§ **AIM OF THE EXERCISE**:
Scan the records below for the line with "(사진출처=최대호 페이스북) |" and the line with "1/4 Zlatník 1858", and retype that range exactly, both ends included, pictures excepted.

┌─ MATERIALS PROVIDED

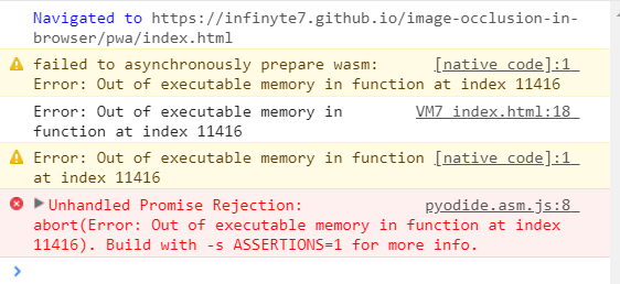 这是内存错误。目前的pyodide大小大约是。25那么,有没有办法消除这些错误呢?我如何为科学项目构建非常小的而不是,使其也在iOS v12上运行?
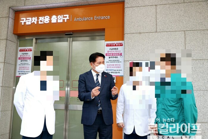 | ▲ 최대호 안양시장이 한림대학교 성심병원 응급센터를 방문하고 있다. (사진출처=최대호 페이스북) |
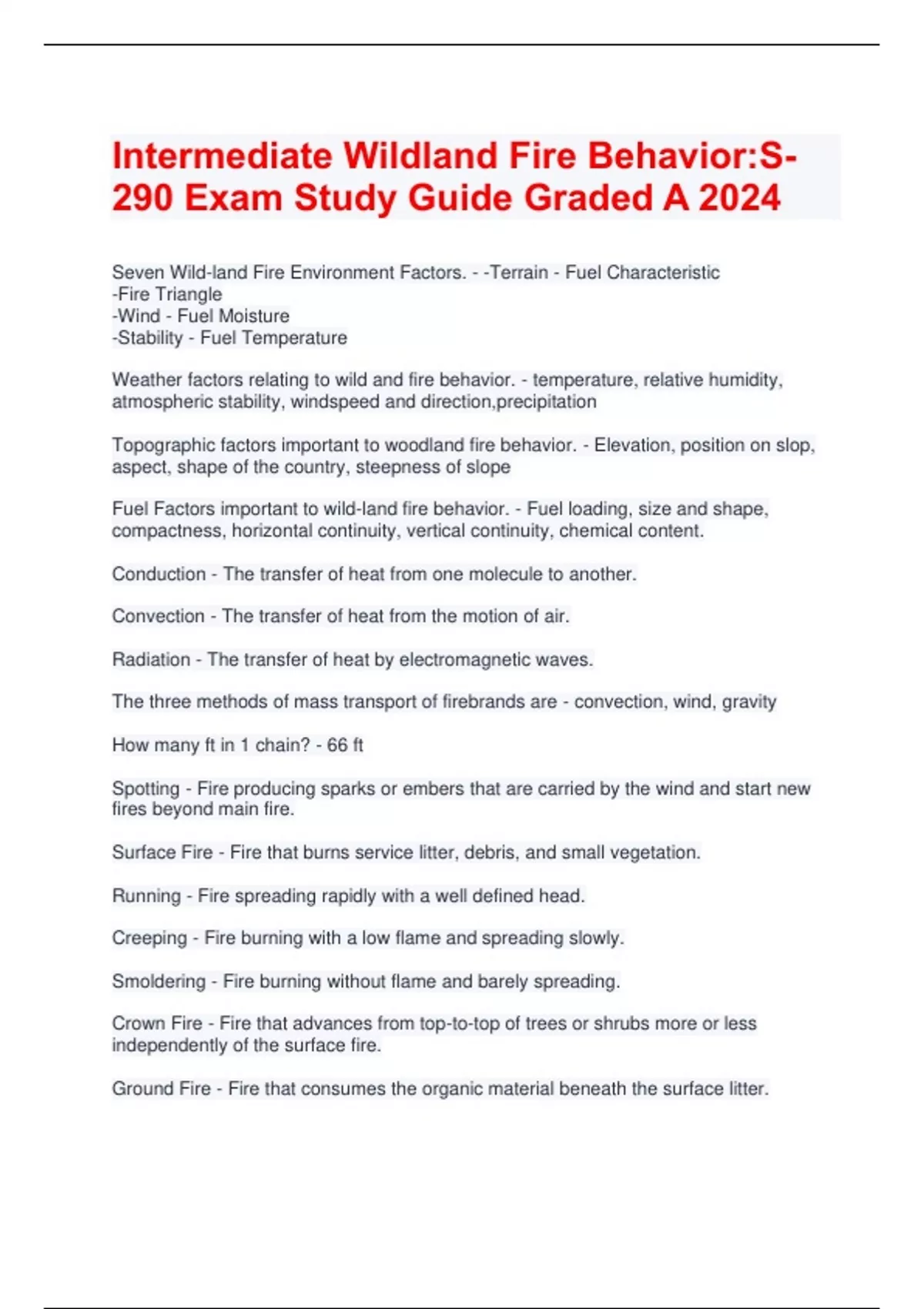 Intermediate Wildland Fire Behavior:S-290 Exam Study Guide Graded A 2024
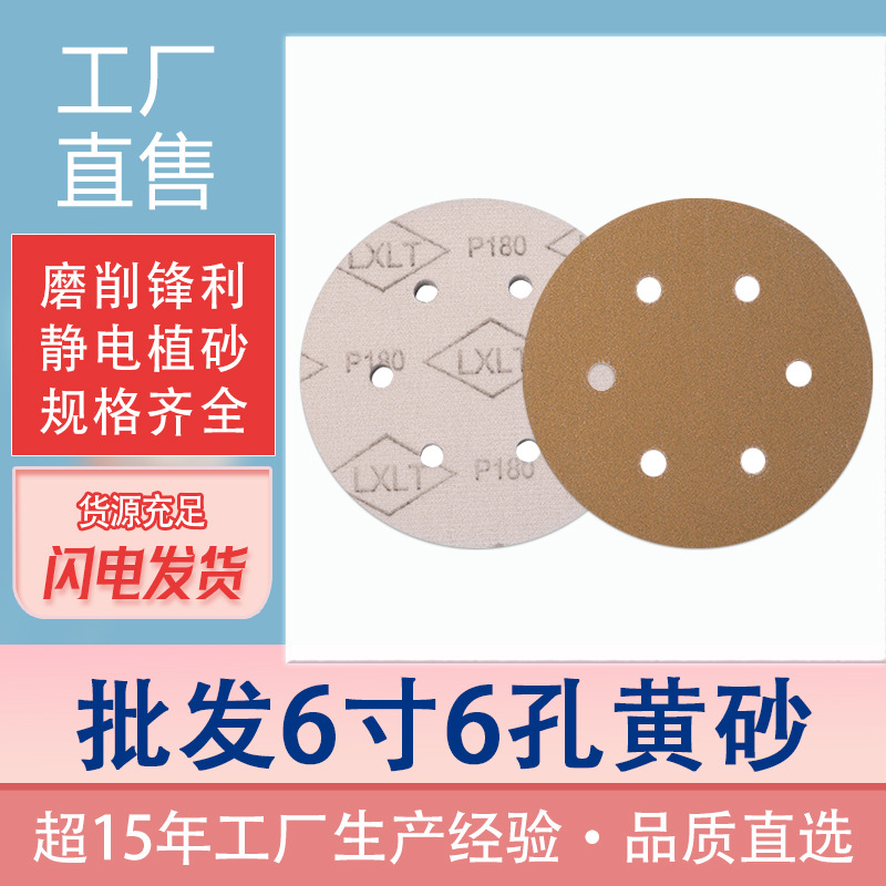 맞춤형 도매 LXLT6 인치 6 홀 골드 사포 자동차 페인트 퍼티 연삭 노란색 모래 플로킹 건식 연마 사포스토어 가기
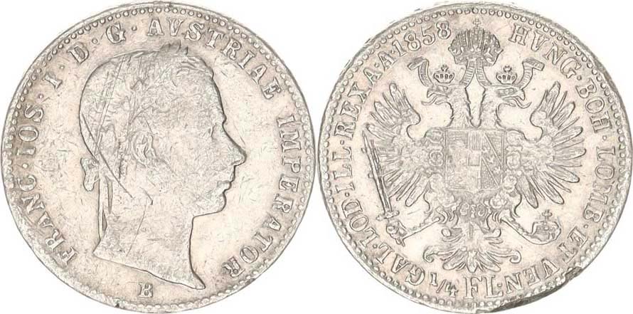 1/4 Zlatník 1858 B "R"_hr., tém.
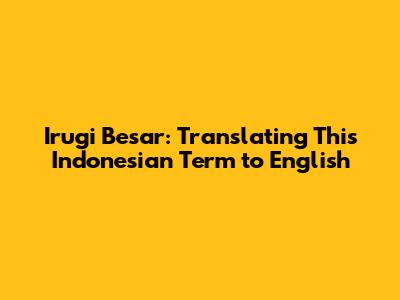 Hey guys! Ever stumbled upon a cool Indonesian word and wondered what it means in English? Well, today we're diving deep into one such term: "Irugi Besar." Let's break it down, explore its meanings, and see how you can use it in everyday conversations. Understanding the nuances of different languages is super important, especially when you're trying to connect with people from different cultures. So, let's get started and unravel the mystery behind "Irugi Besar"! Trust me, by the end of this article, you'll be a pro at using this term and impressing your friends with your newfound knowledge. We'll cover everything from the literal translation to the more contextual uses, ensuring you're well-equipped to handle any situation where this phrase might pop up. So, grab a cup of coffee, sit back, and let's embark on this linguistic adventure together! You'll be surprised at how much you can learn in just a few minutes. And who knows, maybe you'll even start picking up more Indonesian phrases along the way! Learning a new language can be daunting, but breaking it down into smaller, manageable chunks like this makes it so much easier and more enjoyable. Plus, understanding the cultural context behind a word can give you a deeper appreciation for the language and the people who speak it. So, are you ready to become an "Irugi Besar" expert? Let's do it!
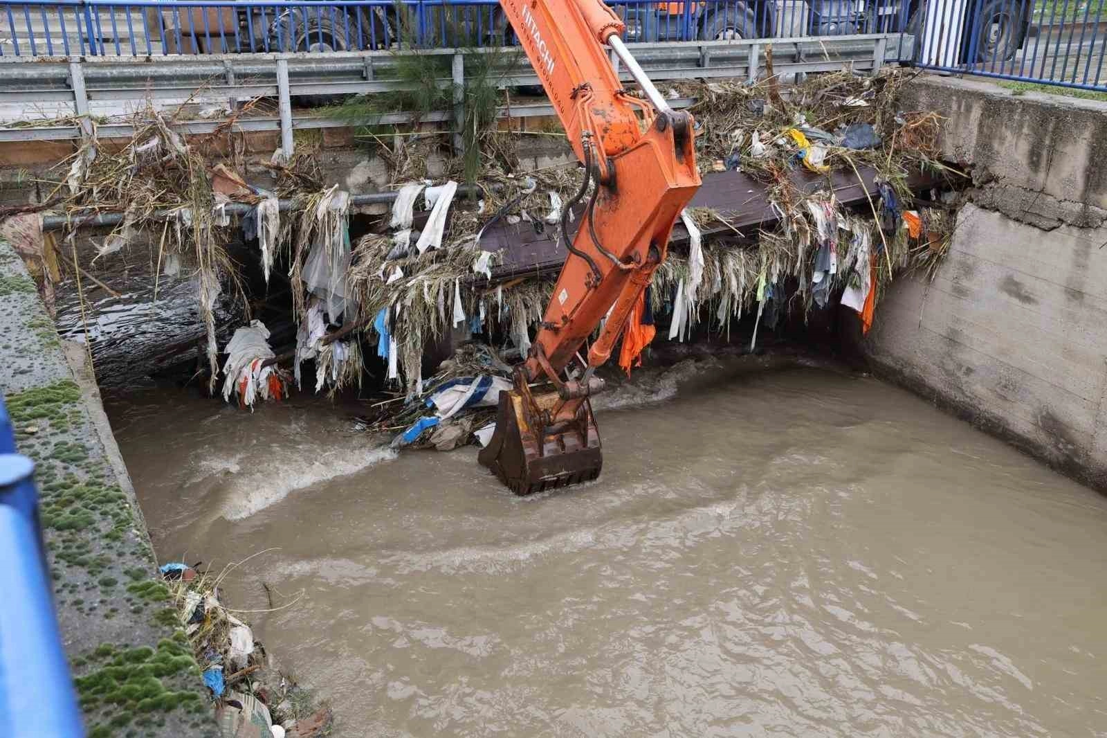 Yoğun yağış dolayısıyla dere ağızlarındaki malzemeler temizleniyor
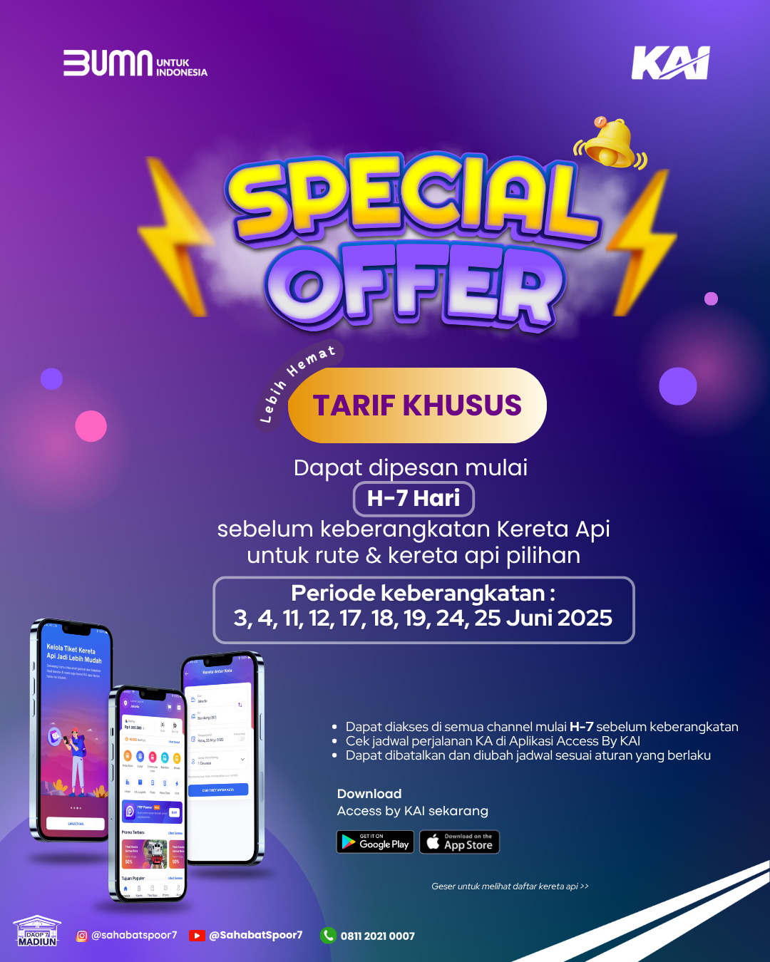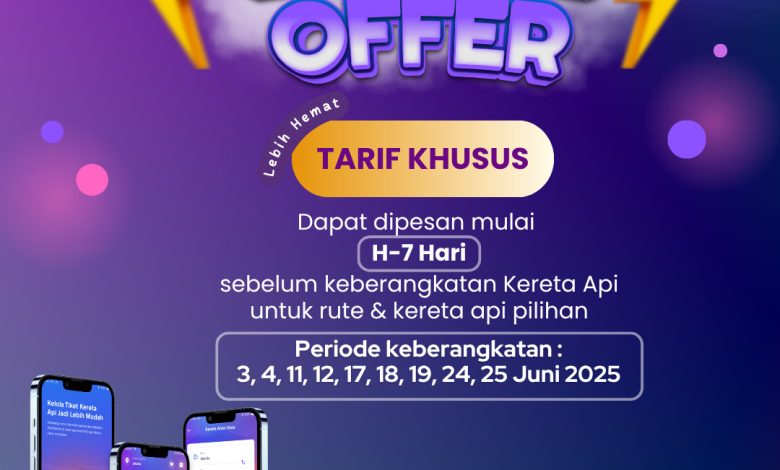 Promo tarif khusus ini dapat mulai dipesan sejak H-7 sebelum jadwal keberangkatan kereta api. Adapun periode keberangkatan yang termasuk dalam program ini meliputi tanggal 3, 4, 11, 12, 17, 18, 19, 24, dan 25 Juni 2025.
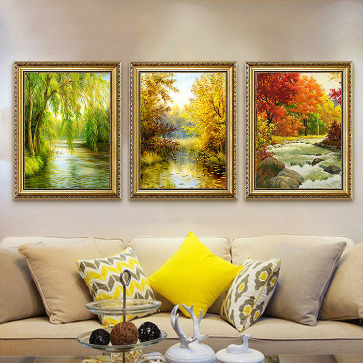 满钻钻石画十字绣春夏秋冬欧式风景山水画新款满钻客厅三联钻石绣
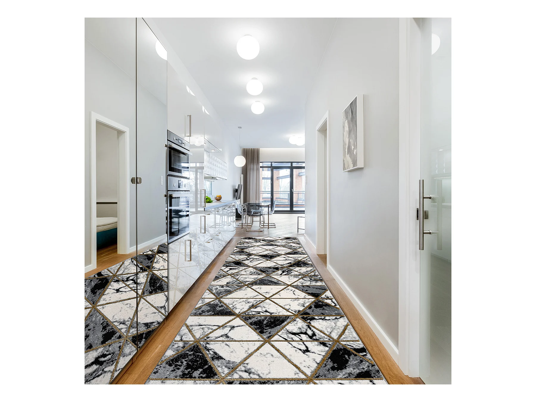 Tapijtloper EMERALD exclusief 1020 glamour, stijlvol marmer, driehoeke 120x330 cm
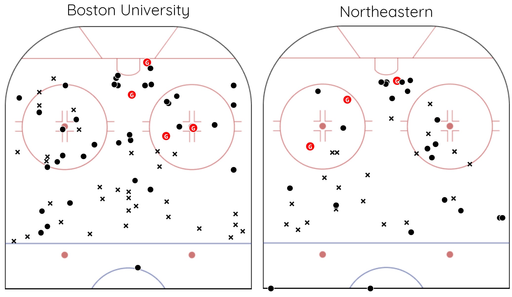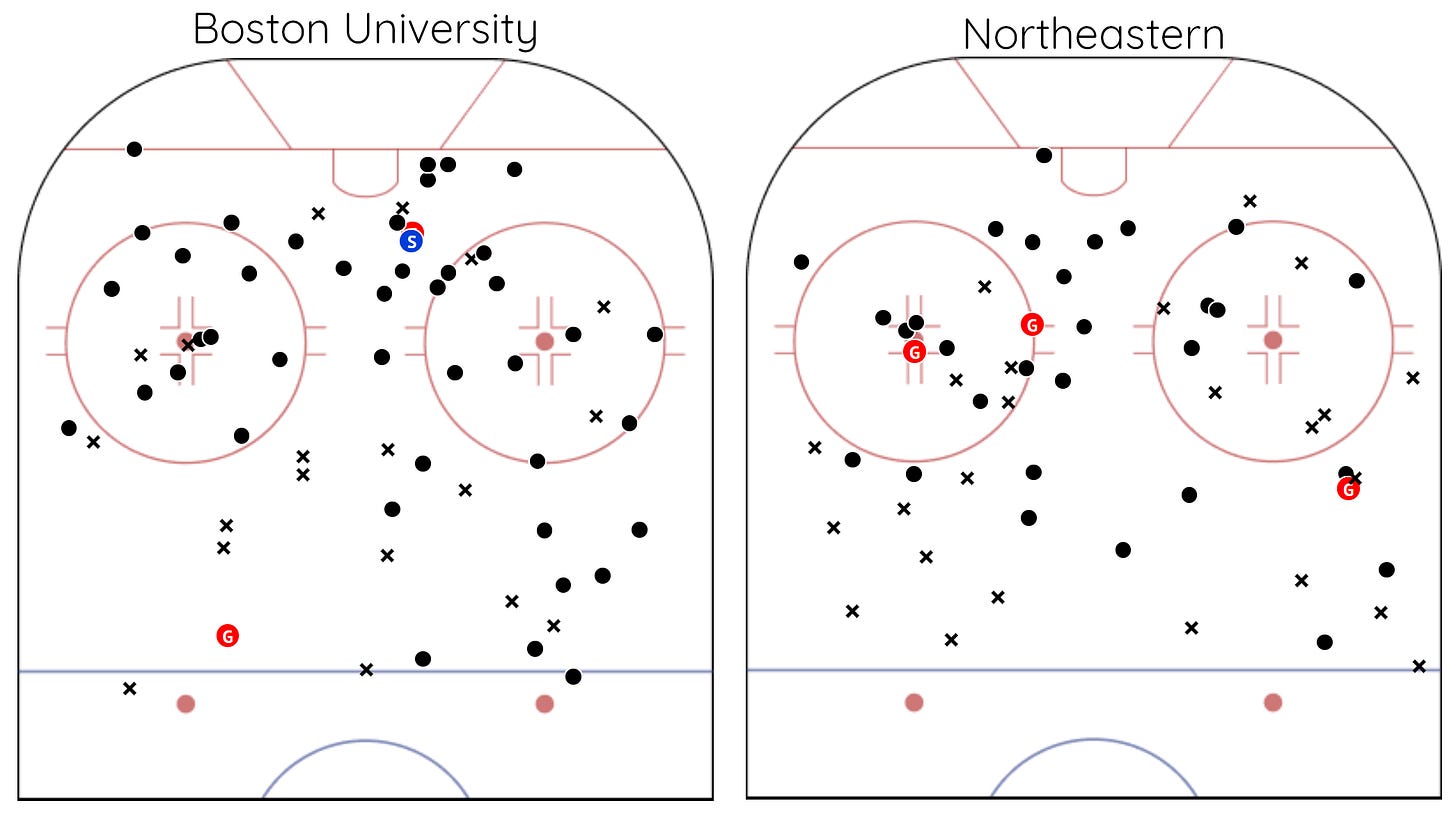 BU recorded 7 high danger shots (1.98 xG) with 1 resulting in a goal—Roukounakis’ 1st period goal—5 were saved, and the remaining one missed the net. NU record 3 (.69 xG) all of which were saved by Mikhail Yegorov.

└─

§ **THE ANSWER**:
 | ▲ 최대호 안양시장이 한림대학교 성심병원 응급센터를 방문하고 있다. (사진출처=최대호 페이스북) |
 Intermediate Wildland Fire Behavior:S-290 Exam Study Guide Graded A 2024
 맞춤형 도매 LXLT6 인치 6 홀 골드 사포 자동차 페인트 퍼티 연삭 노란색 모래 플로킹 건식 연마 사포스토어 가기
 1/4 Zlatník 1858 B "R"_hr., tém.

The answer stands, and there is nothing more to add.